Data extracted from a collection
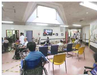
▲明るいフロアーはみんなの憩いの場
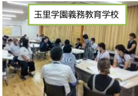
玉里学園義務教育学校
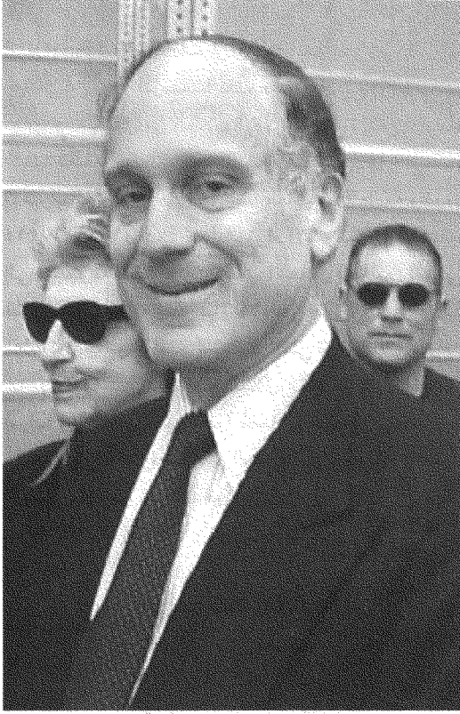
إستيه لودر «تطهير» القرى العربية عن وجه إسرائيل (الصورة لرئيسها رون لودر)

الجدير ذكره أنّ رون لودر هو أيضاً رئيس «الصندوق القومي اليهودي» (Jewish National Fund) الذي يجمع الأموال لنهّب الأراضي الفلسطينية وفرض المزاعم الصهيونية بأحقّيتها فيها (٢٧) لتحليل مفصلٍ للعمليات العنصرية التي يقوم بها الصندوق المذكور ولتمويله لـ «ديموقراطية» تُؤثر أتباع دينٍ محدّدٍ على الأديان الأخرى، راجع www.palestineremembered.com/Articles/JNF/Story1513.html .
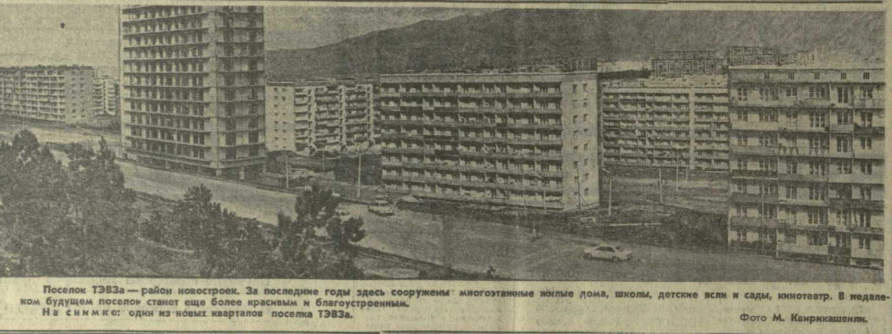
Поселок ТЭВЗ — район новостроек. За последние годы здесь сооружены многоэтажные жилые дома, школы, детские ясли и сады, кинотеатр. В недалеком будущем поселок станет еще более красивым и благоустроенным. На снимке: один из новых кварталов поселка ТЭВЗ.

Exercise details: Hand back the data above exactly, leaving out all pictures.

Answer to this exercise:
▲明るいフロアーはみんなの憩いの場
玉里学園義務教育学校
إستيه لودر «تطهير» القرى العربية عن وجه إسرائيل (الصورة لرئيسها رون لودر)

الجدير ذكره أنّ رون لودر هو أيضاً رئيس «الصندوق القومي اليهودي» (Jewish National Fund) الذي يجمع الأموال لنهّب الأراضي الفلسطينية وفرض المزاعم الصهيونية بأحقّيتها فيها (٢٧) لتحليل مفصلٍ للعمليات العنصرية التي يقوم بها الصندوق المذكور ولتمويله لـ «ديموقراطية» تُؤثر أتباع دينٍ محدّدٍ على الأديان الأخرى، راجع www.palestineremembered.com/Articles/JNF/Story1513.html .
Поселок ТЭВЗ — район новостроек. За последние годы здесь сооружены многоэтажные жилые дома, школы, детские ясли и сады, кинотеатр. В недалеком будущем поселок станет еще более красивым и благоустроенным. На снимке: один из новых кварталов поселка ТЭВЗ.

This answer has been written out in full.